-------- Listed records
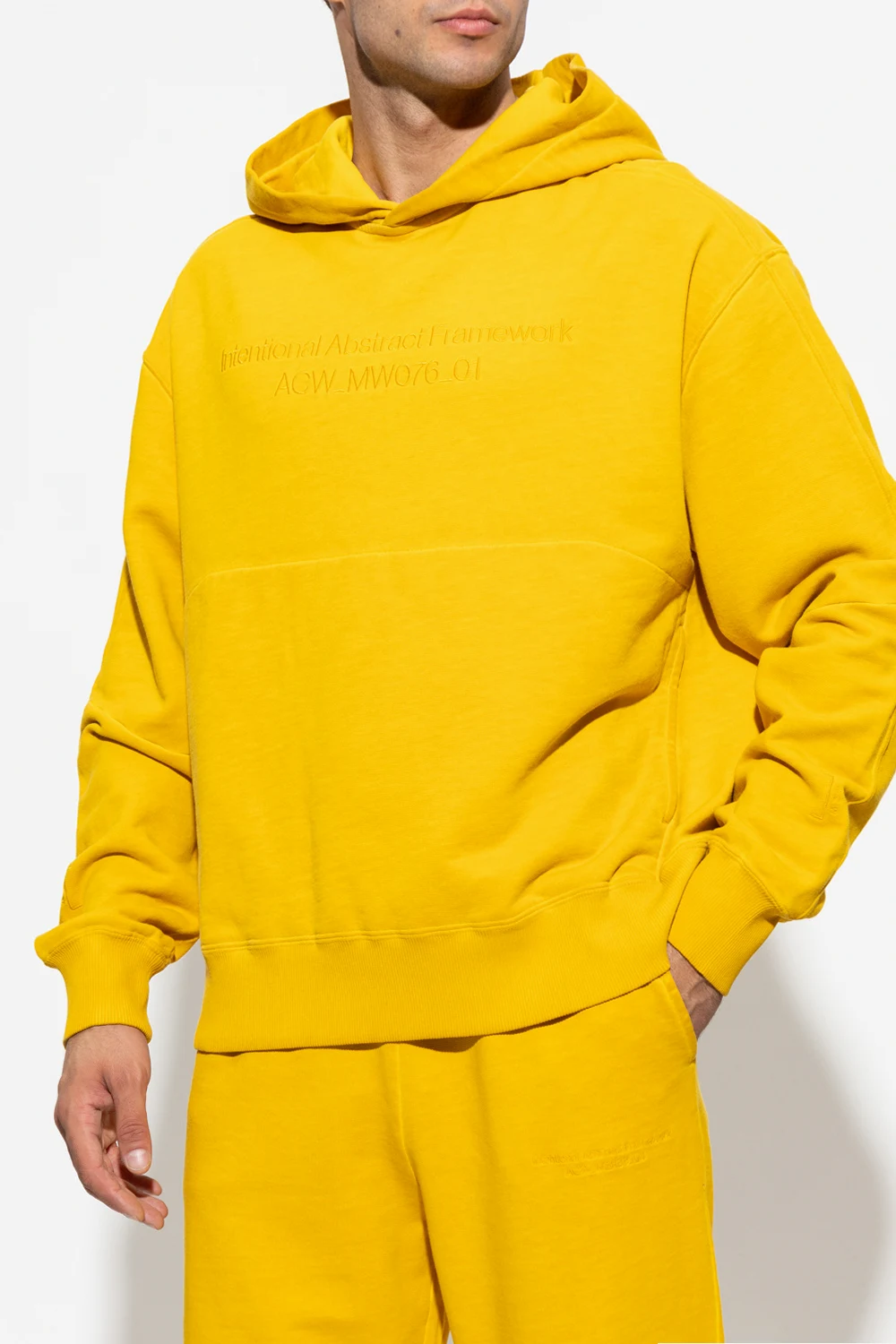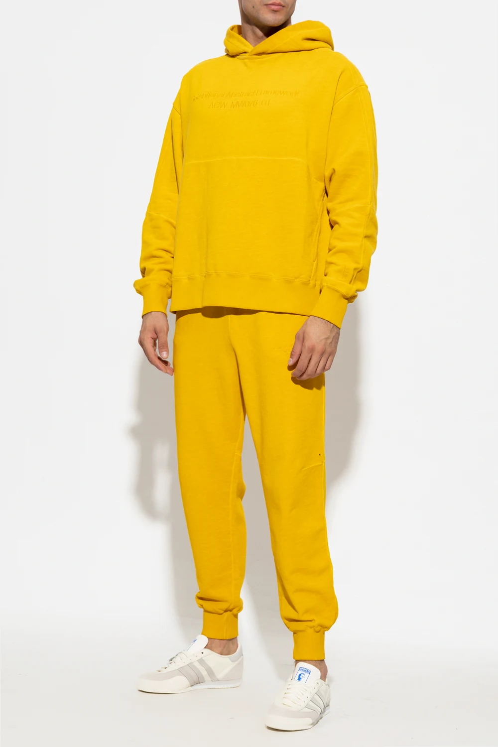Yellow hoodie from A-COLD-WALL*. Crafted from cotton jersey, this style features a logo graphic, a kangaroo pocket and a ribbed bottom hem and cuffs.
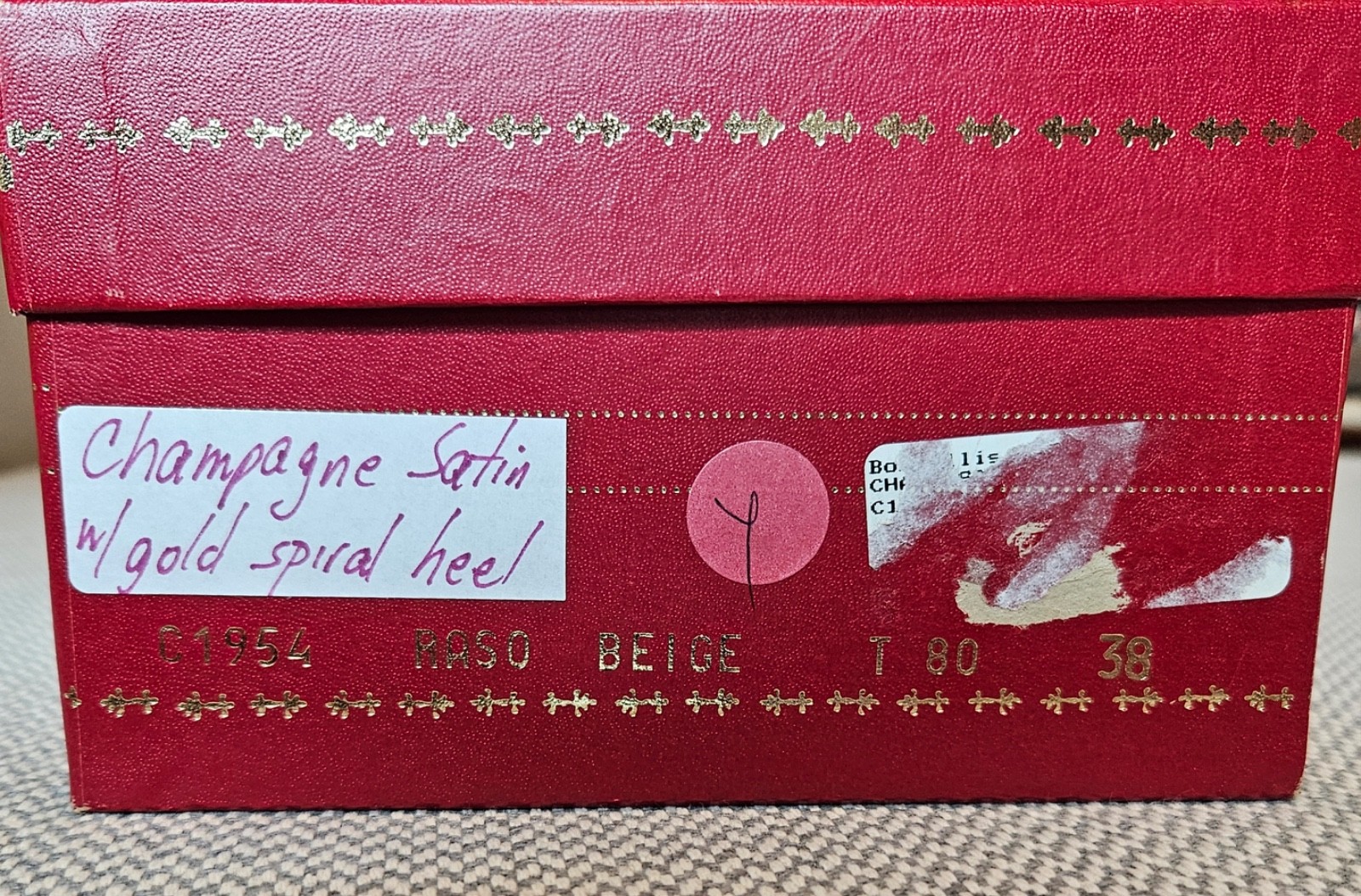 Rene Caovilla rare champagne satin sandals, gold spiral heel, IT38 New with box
----------------
-------- Listed records
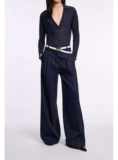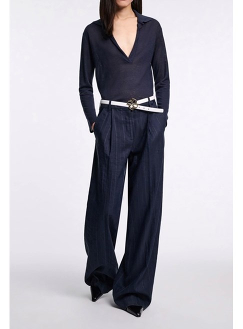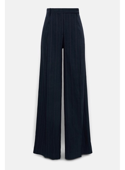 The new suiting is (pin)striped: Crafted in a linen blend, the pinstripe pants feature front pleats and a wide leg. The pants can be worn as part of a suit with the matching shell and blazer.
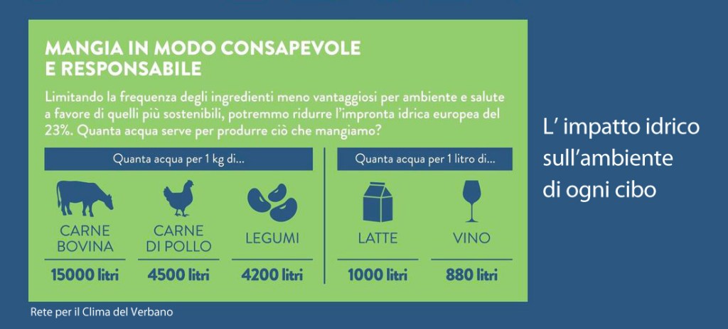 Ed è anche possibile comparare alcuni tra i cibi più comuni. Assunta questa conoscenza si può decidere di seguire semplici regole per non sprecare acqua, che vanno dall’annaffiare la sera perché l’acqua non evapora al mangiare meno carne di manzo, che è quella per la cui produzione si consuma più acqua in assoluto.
----------------
In the listing above, find the line containing "Yellow hoodie from". Output it and every line after it up to and including the line containing "Rene Caovilla rare", exactly, but skip the pictures.

● Solution for this problem:
Yellow hoodie from A-COLD-WALL*. Crafted from cotton jersey, this style features a logo graphic, a kangaroo pocket and a ribbed bottom hem and cuffs.
 Rene Caovilla rare champagne satin sandals, gold spiral heel, IT38 New with box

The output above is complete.